The diagnostic approach will be guided by the patient history and physical examination findings. However, every patient with evidence of spinal pain should have a series of spinal radiographs obtained to look for evidence of a disc herniations or other degenerative disease of the vertebral column, diskospondylitis, vertebral neoplasia, fractures or luxations or congenital anomalies. Routine blood work should be performed to look for evidence of infectious or inflammatory disease. If joints appear at all swollen or painful, joints taps should be performed for cytology and culture. If radiographs show evidence of diskospondylitis, urine and blood cultures (if possible) should be performed in an attempt to identify the causative bacteria. If there is evidence of vertebral neoplasia, thoracic radiographs should be obtained. Further evaluation of these patients involves advanced imaging and CSF analysis. If the patient is in severe pain, it should be referred as an emergency. It is quite common for patients presenting with spinal pain to be given a shot of steroids. While this is often extremely effective at controlling the pain in the short term, it hinders obtaining a diagnosis, and in some instances (e.g. diskospondylitis), it will actually increase the severity of the disease, sometimes with catastrophic consequences.

Therapy of spinal pain

Clearly therapy is tailored to the underlying cause – diskospondylitis is treated with antibiotics, disc herniations may be treated conservatively or by surgical decompression, immune mediated diseases such as polyarthritis or steroid responsive meningitis will be treated by immunosuppression and neoplasia may be treated with radiation or surgery. However, there is usually a need to treat the pain as well. A lot of pain can be caused by muscle spasm and diazepam and robaxyn (methocarbomol) are effective at reducing spasm. It is very appropriate to use these drugs if muscle spasm can be seen or palpated. Opiates are one of the most potent analgesic drugs available to us and extremely painful patients should be hospitalized for intravenous opiates. In severe cases, combinations of fentanyl, lidocaine and ketamine can be used. However, drugs such as tramadol and butorphanol and application of fentanyl patches can all be very effective treatments for the patient at home. Non-steroidal anti-inflammatory drugs are useful whenever an inflammatory process may be occurring (e.g disc herniations causing compression and inflammation of nerve roots) but should not be used in combination with steroids. Finally, gabapentin is effective against neuropathic pain and can be very useful for treatment of spinal pain. The effective dose ranges from 4 – 10mg/kg three times a day. Pregabalin (Lyrica) is related to gabapentin and I have found it effective in refractory cases although it is very expensive. Other strategies for treating chronic spinal pain include acupuncture, warm compresses, gentle massage and strictly controlled exercise. We have successfully used epidural and foraminal injections of steroid and opiate to control refractory spinal pain due to lumbosacral disease and to lateralized disc herniations. These procedures need to be performed carefully and are not used widely in small animal veterinary medicine despite the frequency with which they are used in human medicine. It is very important to emphasize that an accurate diagnosis should be obtained before embarking on this type of treatment.
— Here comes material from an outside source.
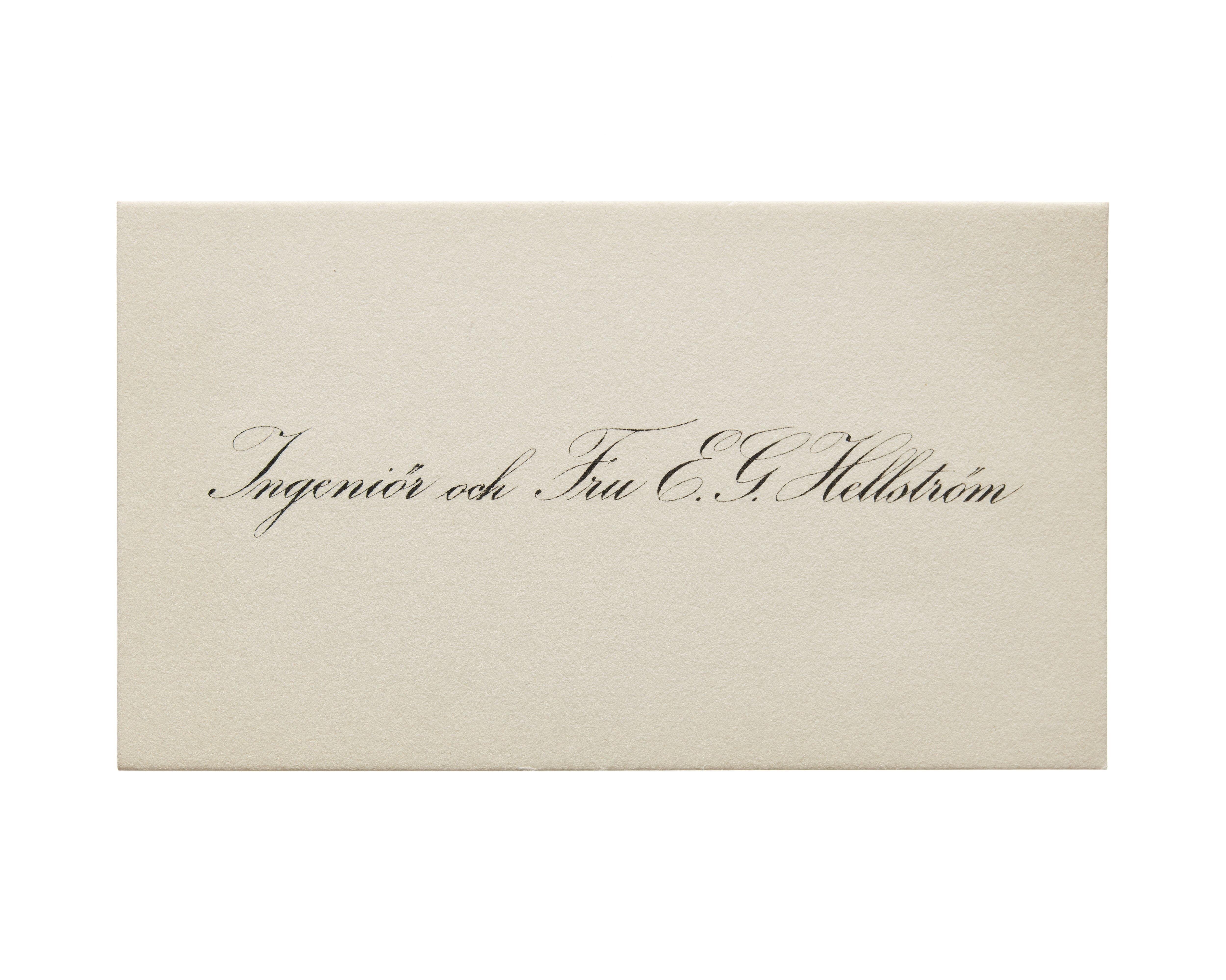 Fem visitkort från Ingeniör Ernst Hellström och Fru Hellström. Första kortet daterat 1921. Handskrift "Med djupaste deltagande". Andra kortet daterat 1921. Tredje kortet daterat 1923. Fjärde kortet daterat 1924. Femte kortet daterat 1925.

In conclusion, owners of patients with spinal pain should be listened to carefully and an accurate history and physical examination performed. Successful treatment relies on an accurate diagnosis and treatment of the underlying problem combined with careful treatment of the pain itself.

References

Holland CT, Charles JA, Smith SH, Cortaville PE. Hemihyperaesthesia and hyper-responsiveness resembling central pain syndrome in a dog with a forebrain oligodendroglioma. Aust Vet J. 2000;78:676-80.

Rusbridge C, Jeffery ND. Pathophysiology and treatment of neuropathic pain associated with syringomyelia. Vet J. 2008;175:164-72.

Tipold A, Vandevelde M, Zurbriggen A. Neuroimmunological studies in steroid-responsive meningitis-arteritis in dogs. Res Vet Sci. 1995;58:103-8.

Webb AA. Potential sources of neck and back pain in clinical conditions of dogs and cats: a review. Vet J. 2003;165:193-213.